É óbvio que não devo ter gostado muito dessa ideia. Penso mesmo que foi a partir daí que comecei a fazer a minha primeira dieta.

Fui cortando aqui e ali, deixando de comer isto e aquilo, e os resultados começavam a fazer-se sentir, deixando-me bastante animada.

Tive que apertar quase todas as minhas calças que, entretanto, ficaram largas demais para as minhas pernas, mas via isso como uma vitória!

Fui emagrecendo mais, e mais, e mais - mas para mim não era ainda o suficiente.

Olhava-me ao espelho e pensava - só mais um bocadinho e está bom. Só que por mais bocadinhos que emagrecesse, havia sempre algum que ainda faltava.

Mesmo quando todos à minha volta afirmavam que eu estava demasiado magra, que tinha um corpo bem feito e estava a estragar tudo, eu permanecia cega e surda. E assim passei dos meus 57,5kg para uns míseros 43,5kg.

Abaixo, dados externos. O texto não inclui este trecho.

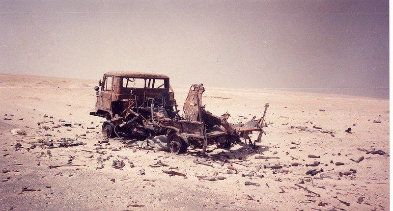 Bentangan jalan di Kuwait ini dikenal sebagai Highway 80 dan menjadi latar belakang satu serangan paling dahsyat selama Perang Teluk.

É o comportamento típico de alguém que sofre de anorexia: uma percepção distorcida do próprio corpo que nos leva a achar que, por mais magros que estejamos, continuamos gordos. Há um medo intenso e irracional de ganhar peso, e enveredamos por rígidas dietas loucas e jejuns que nos levam a uma desnutrição grave e, até mesmo, ao envelhecimento prematuro. Muitas vezes aliamos também uma prática excessiva de actividade física.

Mesmo para pessoas que até se podem considerar inteligentes, tanto a opinião dos outros sobre si, como o estereótipo que lhes impõem, de que a magreza é fundamental para o sucesso social e económico, pode ser determinante para despoletar este tipo de comportamento.

Para quem não conhece o problema, é estranho como alguém "normal" pode considerar-se acima do peso, estando muito abaixo.

Felizmente, não me deu para provocar o vómito, nem tomar diuréticos ou usar laxantes. Nunca cheguei a ser internada nem medicada. Também nunca fiz terapia de grupo nem familiar - nessa altura não havia uma preocupação tão grande com este problema como de há uns anos para cá.

O meu pai tentou muitas vezes chamar-me à razão, alertar-me para o que estava a fazer com a minha saúde. De carne, já quase não havia sinais, a única coisa que se via era pele e osso.

De qualquer forma, pode-se dizer que, apesar de tudo, não fui um caso grave. Ao fim de algum tempo deve ter havido outra luz que voltou a iluminar o caminho certo, e tudo se recompôs.

Cada um nasce com características próprias, aceites de forma inquestionável, até ao dia em que nos lembramos, ou nos lembram, de fazer comparações com outros.
Penso que seja a partir daí que começam a surgir todos aqueles pequenos grandes "defeitos" que nos fazem sentir diferentes, e que queremos à força corrigir.
Não digo que não possamos melhorar algumas coisas que não nos fazem sentir bem, mas não por imposição, não pelos outros.

Claro que, com a maturidade, muita confiança no nosso valor, e a certeza de que não somos apenas um corpo; que não temos que ser de determinada forma para sermos aceites por esta ou aquela pessoa, conseguimos viver sem os fantasmas que muitas vezes nos impedem de sermos nós próprios, e de nos sentirmos bem, com tudo aquilo que nos torna únicos!